[PATCH v3 2/3] drm/xe/sriov: Shifting GGTT area post migration

Michal Wajdeczko michal.wajdeczko at intel.com
Wed Nov 27 22:30:29 UTC 2024



On 23.11.2024 04:13, Tomasz Lis wrote:
> We have only one GGTT for all IOV functions, with each VF having assigned
> a range of addresses for its use. After migration, a VF can receive a
> different range of addresses than it had initially.
> 
> This implements shifting GGTT addresses within drm_mm nodes, so that
> VMAs stay valid after migration.

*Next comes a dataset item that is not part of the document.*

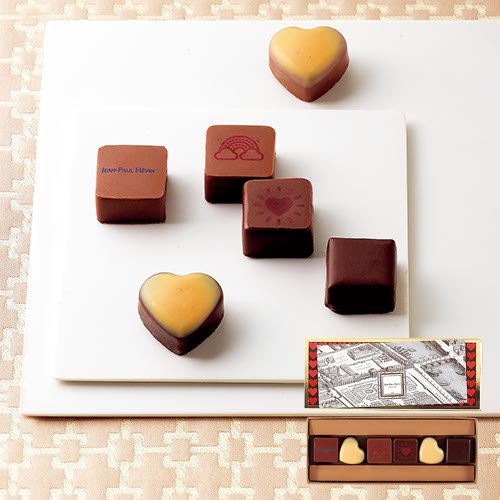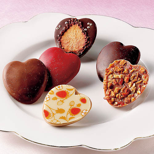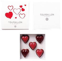 日本の柑橘を使った新フレーバーのクール ココロ アグリュム キャラメルや、ゴロゴロとしたナッツの食感が楽しいプラリネ ピスターシュなど。可愛いハート型のパッケージに5種をアソート。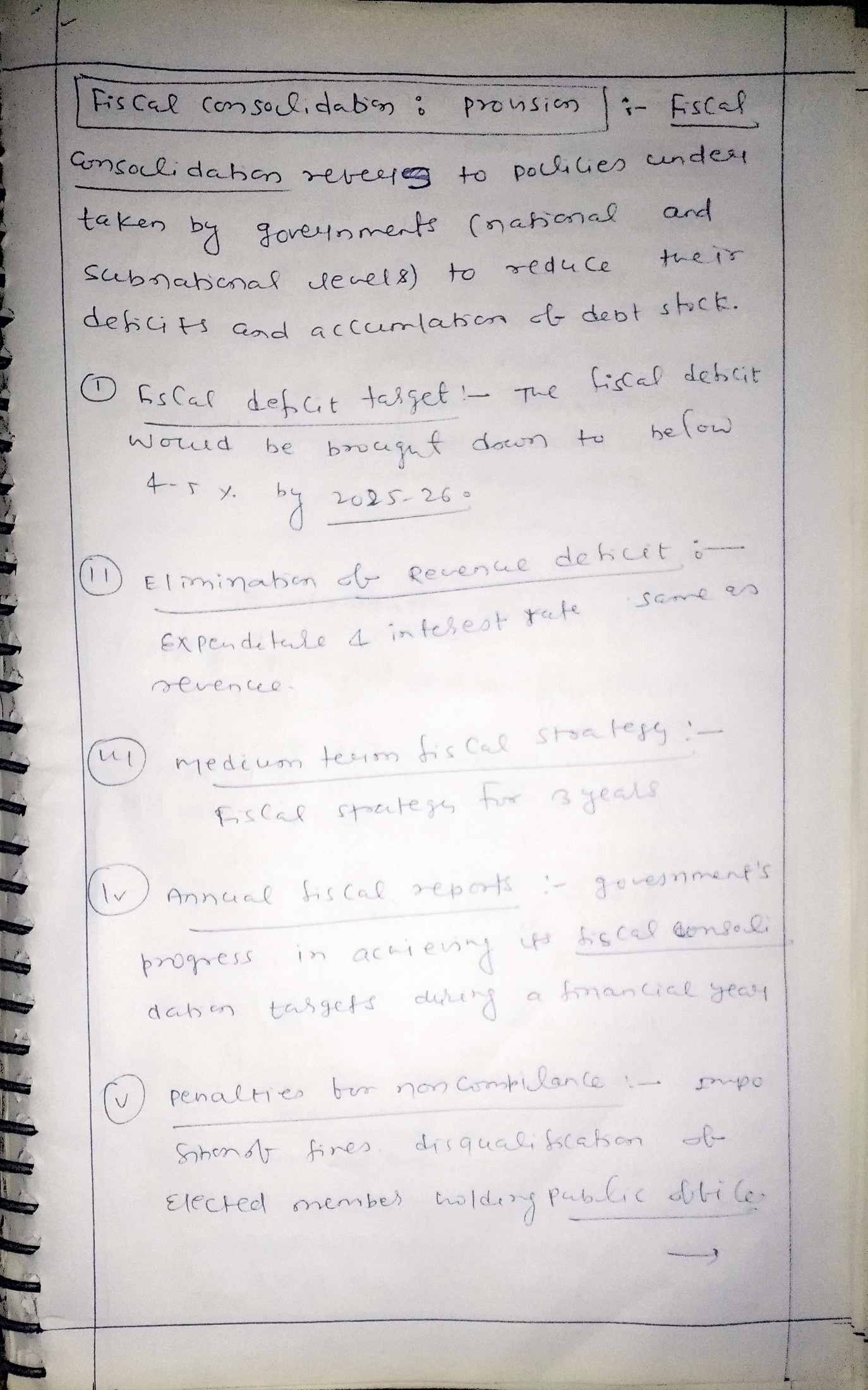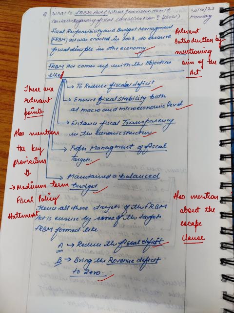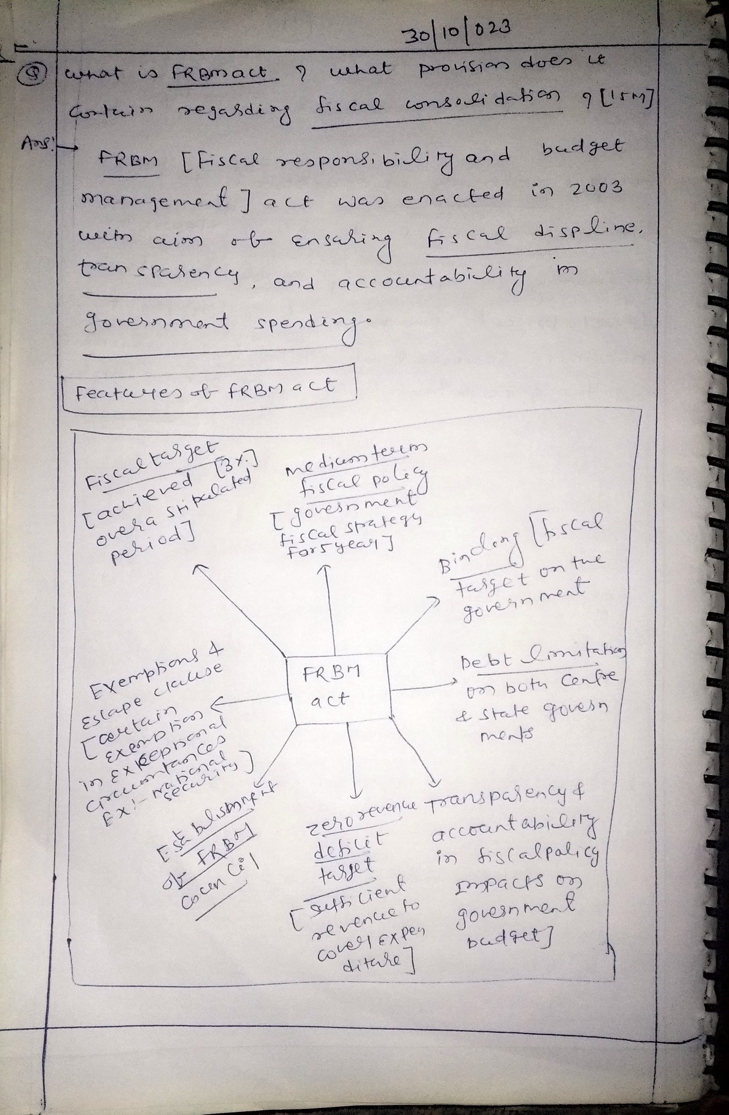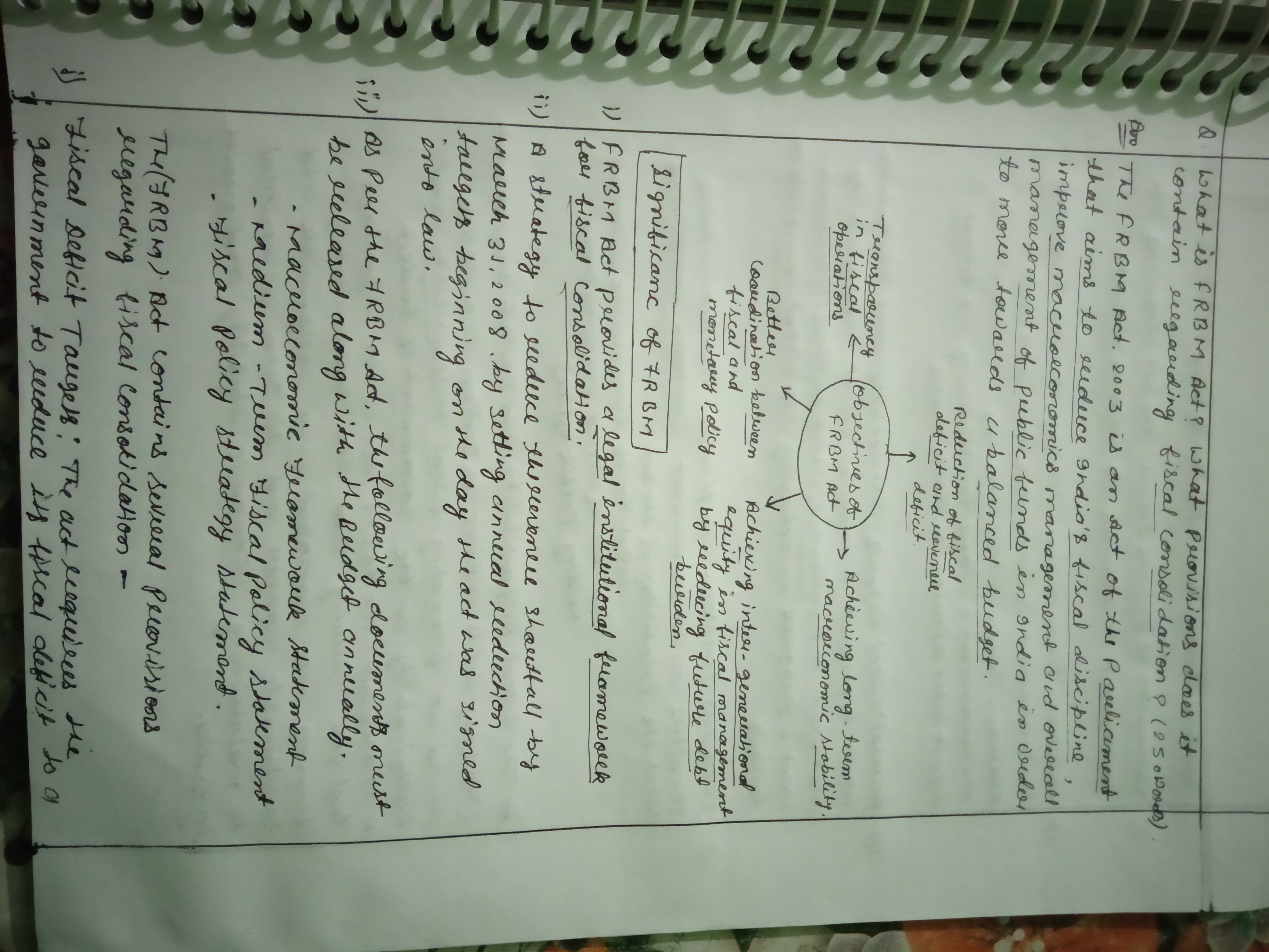 Q. What is FRBM Act? What provisions does it contain regarding fiscal consolidation? (250 words, 15 Marks)

This will make the driver use new
> addresses when accessing GGTT from the moment the shifting ends.
> 
> By taking the ggtt->lock for the period of VMA fixups, this change
> also adds constaint on that mutex. Any locks used during the recovery

typo: constraint ?

> cannot ever wait for hardware response - because after migration,
> the hardware will not do anything until fixups are finished.
> 
> v2: Moved some functs to xe_ggtt.c; moved shift computation to just
>   after querying; improved documentation; switched some warns to asserts;
>   skipping fixups when GGTT shift eq 0; iterating through tiles (Michal)
> 
> Signed-off-by: Tomasz Lis <tomasz.lis at intel.com>
> ---
>  drivers/gpu/drm/xe/xe_ggtt.c              | 139 ++++++++++++++++++++++
>  drivers/gpu/drm/xe/xe_ggtt.h              |   3 +
>  drivers/gpu/drm/xe/xe_gt_sriov_vf.c       |  25 ++++
>  drivers/gpu/drm/xe/xe_gt_sriov_vf.h       |   1 +
>  drivers/gpu/drm/xe/xe_gt_sriov_vf_types.h |   2 +
>  drivers/gpu/drm/xe/xe_sriov_vf.c          |  22 ++++
>  6 files changed, 192 insertions(+)
> 
> diff --git a/drivers/gpu/drm/xe/xe_ggtt.c b/drivers/gpu/drm/xe/xe_ggtt.c
> index 558fac8bb6fb..44500707f8ae 100644
> --- a/drivers/gpu/drm/xe/xe_ggtt.c
> +++ b/drivers/gpu/drm/xe/xe_ggtt.c
> @@ -489,6 +489,145 @@ void xe_ggtt_node_remove_balloon(struct xe_ggtt_node *node)
>  	xe_ggtt_node_fini(node);
>  }
>  
> +static u64 drm_mm_node_end(struct drm_mm_node *node)
> +{
> +	return node->start + node->size;
> +}
> +
> +u64 xe_ggtt_node_end(struct xe_ggtt_node *node)

please add proper kernel-doc

> +{
> +	return drm_mm_node_end(&node->base);
> +}
> +
> +static void xe_ggtt_mm_shift_nodes(struct xe_ggtt *ggtt, struct drm_mm_node *balloon_beg,
> +				struct drm_mm_node *balloon_fin, s64 shift)
> +{
> +	struct drm_mm_node *node, *tmpn;
> +	int err;
> +	LIST_HEAD(temp_list_head);

nit: please reorder vars to follow reverse-xmas-tree style

> +
> +	lockdep_assert_held(&ggtt->lock);
> +
> +	/*
> +	 * Move nodes, from range previously assigned to this VF, into temp list.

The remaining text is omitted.